A few weeks ago, I was riding high at work. I was well liked, and had a string of successes under my belt.
Then I got in trouble. Not for something I did, but because I was friends with someone that quit under duress. HR called me in with my supervisor one morning, and I was put on a PIP of sorts. My performance is excellent, but I was told I can be fired no matter how good my performance.
Now I can’t do anything right. I can’t look at my phone without getting an email warning me about looking at my phone when I should be working. Countless other things like that.
All of this was very unexpected. My friend that quit apparently knows something that’s potentially damaging to the company. I don’t know what that is.
Of course I started interviewing almost immediately. I have offers rolling in now, and I’ll more than double my TC. I will have to relocate, though. There just aren’t many good job options in my area. That means my kids will have to leave their friends. We’ll leave our home. My wife and I will leave our friends.
I’m so full of anger and hatred right now. I’m stressed out each day at work. My blood pressure is incredibly high. I workout multiple times each day to help curb my emotions, but it’s not working well.

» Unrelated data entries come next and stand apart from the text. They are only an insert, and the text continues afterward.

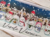 Přání ruční výroba - Sněhuláci a městečko
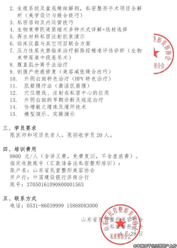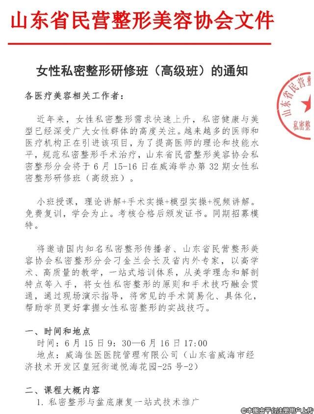 6月15-16日第32期女性私密整形研修班(高級班)的通知
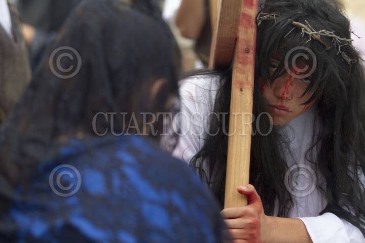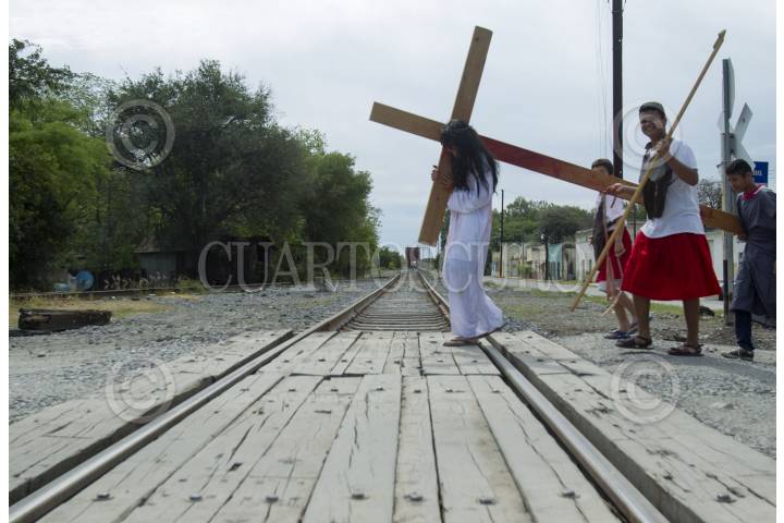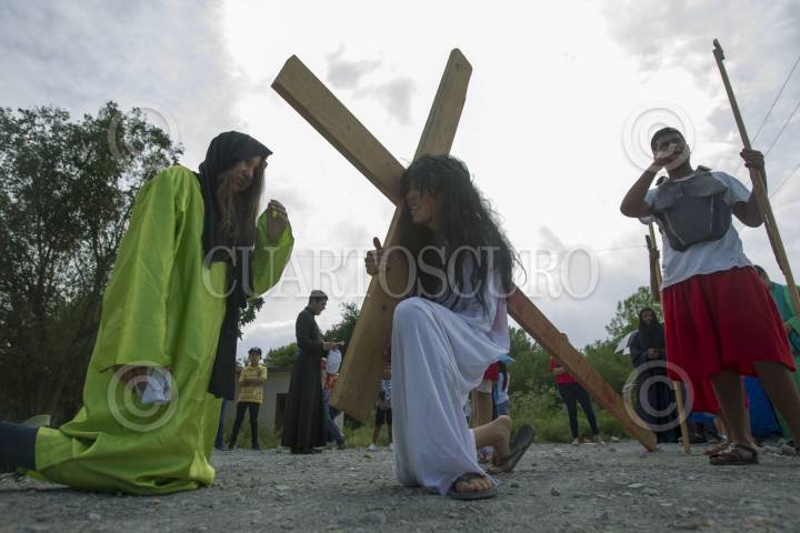 CADEREYTA JIMÉNEZ, NUEVO LEÓN, 30MARZO2018.- Fieles católicos de la comunidad de San Juan realizan el viacrusis por las calles principales del poblado. FOTO: GABRIELA PÉREZ MONTIEL /CUARTOSCURO.COM
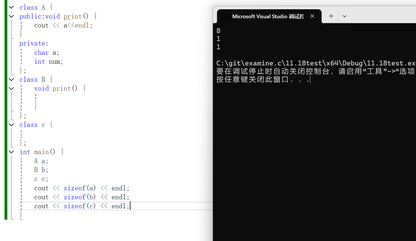 根据这张图我们可以发现第一个a的大小为8个字节,跟随内存对齐原则的计算,计算出来的字节大小。而b中根本没有变量只有函数,c中函数和变量都没有,而他们的字节大小为1。字节1是为了代表该对象存在。
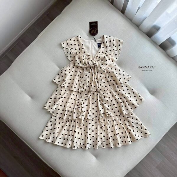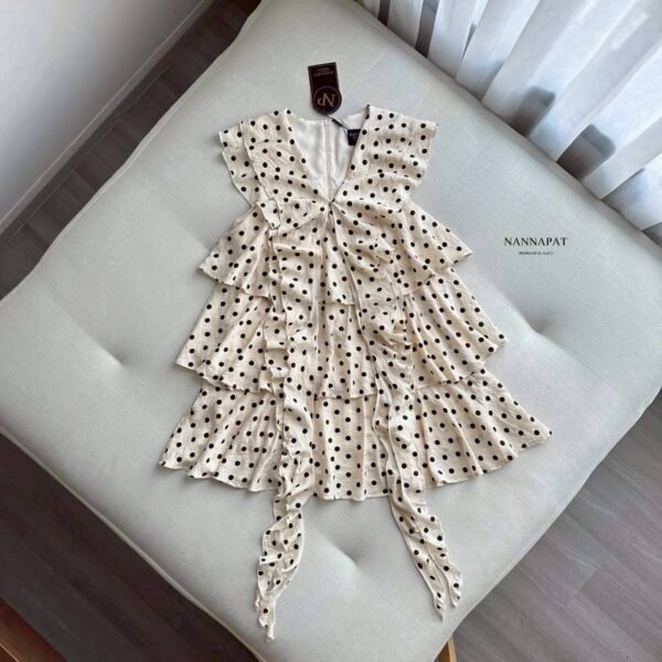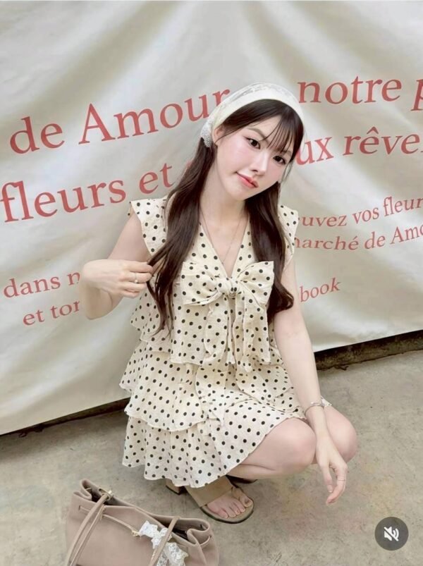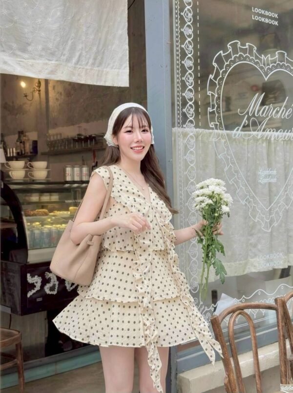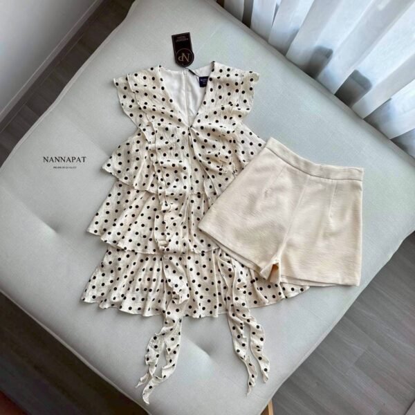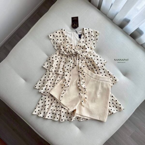 Featuring a V-neck polka dot top—set against a creamy background with black dots—that beautifully brightens your complexion. It is exquisitely detailed with tiered ruffled trim running all around the bodice, helping to flatter your figure and add dimensional volume. A sweet touch is added by fabric ties at the front; whether tied loosely or left to flutter freely, the look remains effortlessly stylish. The sleeveless design features ruffled armholes, ensuring a comfortable, non-restrictive fit. The matching cream-colored shorts complete the ensemble, creating a look that is incredibly photogenic from every angle. It’s a complete, stunning outfit in one set—no need to overthink it! This is an absolute wardrobe essential you simply must own!
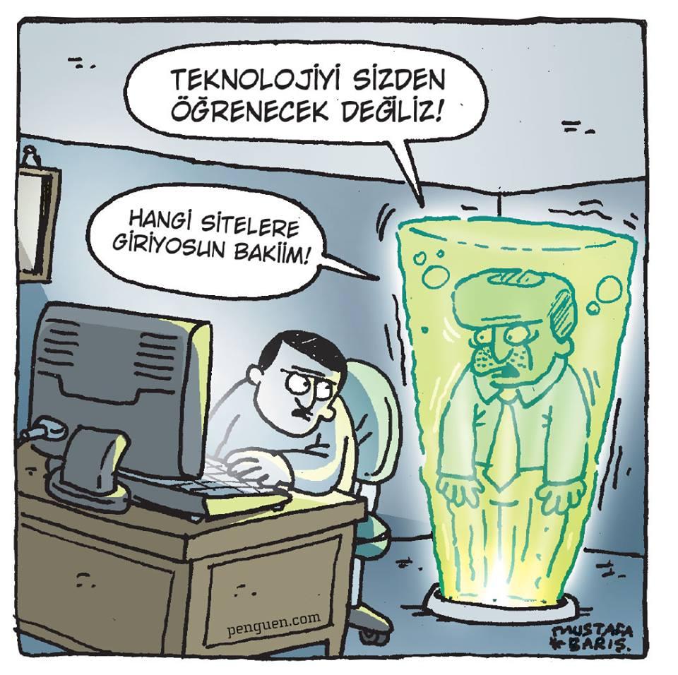 Dans son dernier numéro, l’hebdomadaire satirique Penguen publie une caricature du dessinateur Mustafa Barış. On y voit le Premier ministre turc, Recep Tayyip Erdoğan, sous la forme d’un hologramme, debout derrière un citoyen en train de surfer sur le net. Une allusion ironique à son apparition “numérique” lors de son dernier meeting, et, en filigrane, une critique de la nouvelle loi de contrôle d’internet.
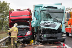 Ein Lastwagenfahrer dürfte einen vor im fahrenden Lkw übersehen haben und ist auf diesen aufgefahren. In weiterer Folge kamen beide Fahrzeuge auf gleicher Höhe am Pannenstreifen zum Stehen. Ein Lenker musste von der Berufsfeuerwehr Linz aus dem Fahrzeug befreit werden. Er wurde vom Notarzt an der Unfallstelle erstversorgt und anschließend in das UKH Linz eingeliefert.
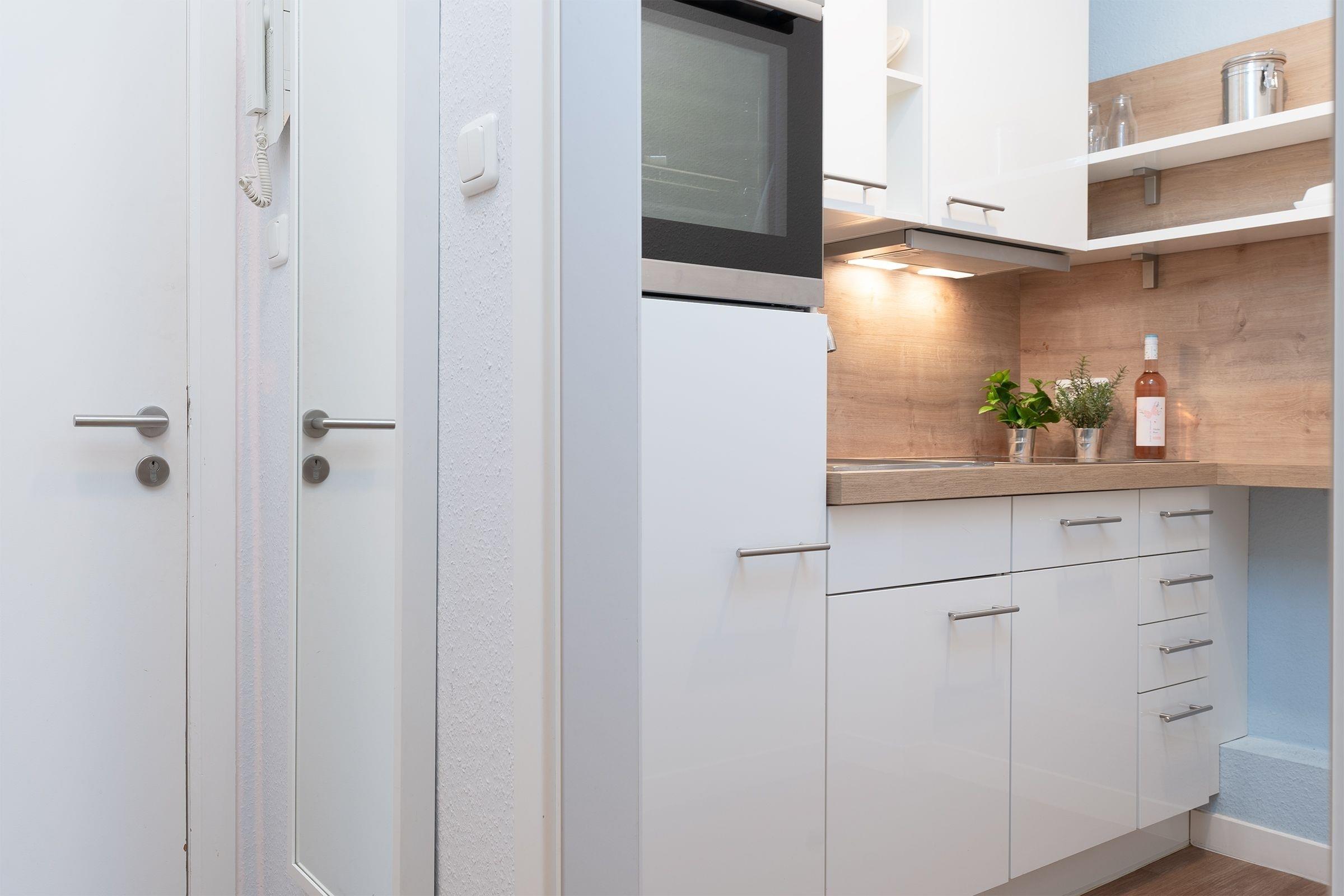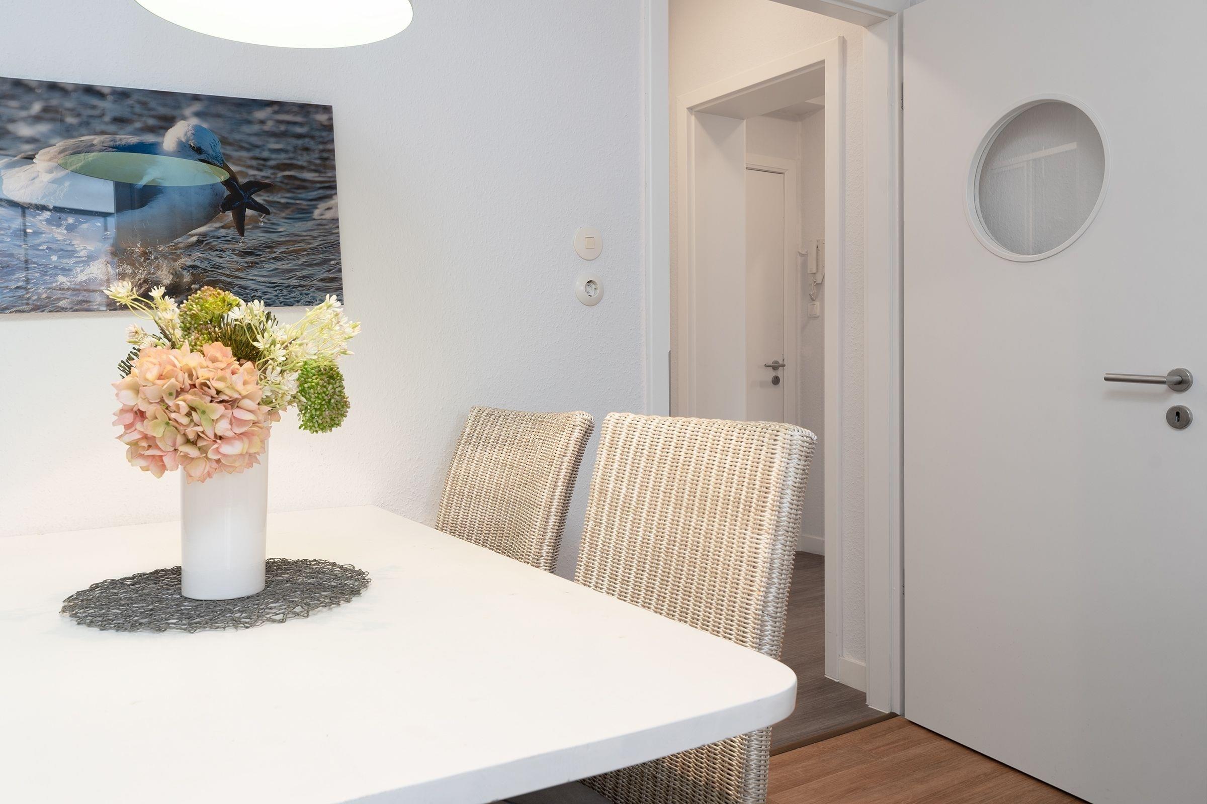 Die Ferienwohnung ist zeitlos im modernen Landhausstil eingerichtet, warme Farben und maritime Elemente sorgen für ein gemütliches Wohnambiente und Komfort. Der lichtdurchflutete, offen gestaltete Wohnbereich ist mit Sofa, Sessel, Flatscreen-TV, Vitrine und Essplatz für 4 Personen ausgestattet. Von hier aus führt ein direkter Zugang auf den möblierten Balkon mit Südwest-Ausrichtung, hier genießen Sie zahlreiche Sonnenstunden und können dem Meeresrauschen lauschen. Das hochwertige Schlafsofa bietet bei Bedarf einen Schlafplatz für eine Person (90x200 cm), Plissees und Vorhänge sorgen für angenehme Verdunklung. Das separate Schlafzimmer ist hell und großzügig geschnitten und mit ein bequemem Doppelbett (2x 90x200 cm), Kommode, Spiegel und Kleiderschrank möbliert. Plissees und Vorhänge sorgen auch hier für angenehme Verdunklung. In der separaten, gut ausgestatteten Küche bereiten Sie problemlos kleine Mahlzeiten zu, Annehmlichkeiten wie Ceranfeld, Backofen in angenehmer Arbeitshöhe und Spülmaschine helfen im Urlaubsalltag. Das hell geflieste Badezimmer ist mit Dusche, Spiegelschrank und Handtuchheizung ausgestattet.
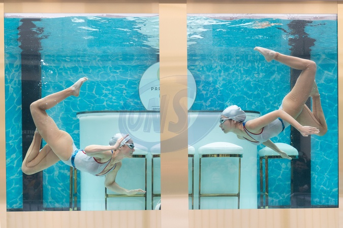 A pair of synchronised swimmers (artistic swimmers) perform in a tank in Covent Garden, London, England, UK on Wednesday 17 April, 2024 as part of a promotion run by On Location - official hospitality provider for the Paris Olympics to draw attention to the fact it is 100 days til the Paris Olympics., Credit:Justin Ng / Avalon
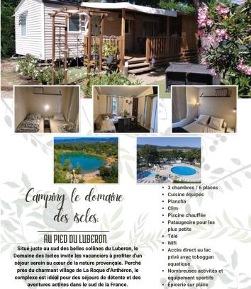 Claude et chris536 is located in La Roque-dʼAnthéron, just 27 miles from ITER / Cadarache and 30 miles from Parc des Expositions Avignon. Guests can benefit from a terrace and a seasonal outdoor pool. Guests can use a bar. The air-conditioned campground consists of 1 separate bedroom, 1 bathroom with a hair dryer and free toiletries, and a seating area. Towels and bed linen are featured in the campground. The property has an outdoor dining area. You can play table tennis at the campground, and the area is popular for cycling and hiking. Marseille Provence Airport is 26 miles away.

I’ve had a long and excellent software engineering career. I feel like the industry has grown worse, with more immaturity and toxicity - but that could just be me getting older.
I’m rambling now. I had to get this off my chest. Have any of you dealt with something similar? Where you were treated unfairly and had no recourse? How did you deal with it?
Focus on what’s next. Maybe you can salvage the situation at work and don’t have to leave?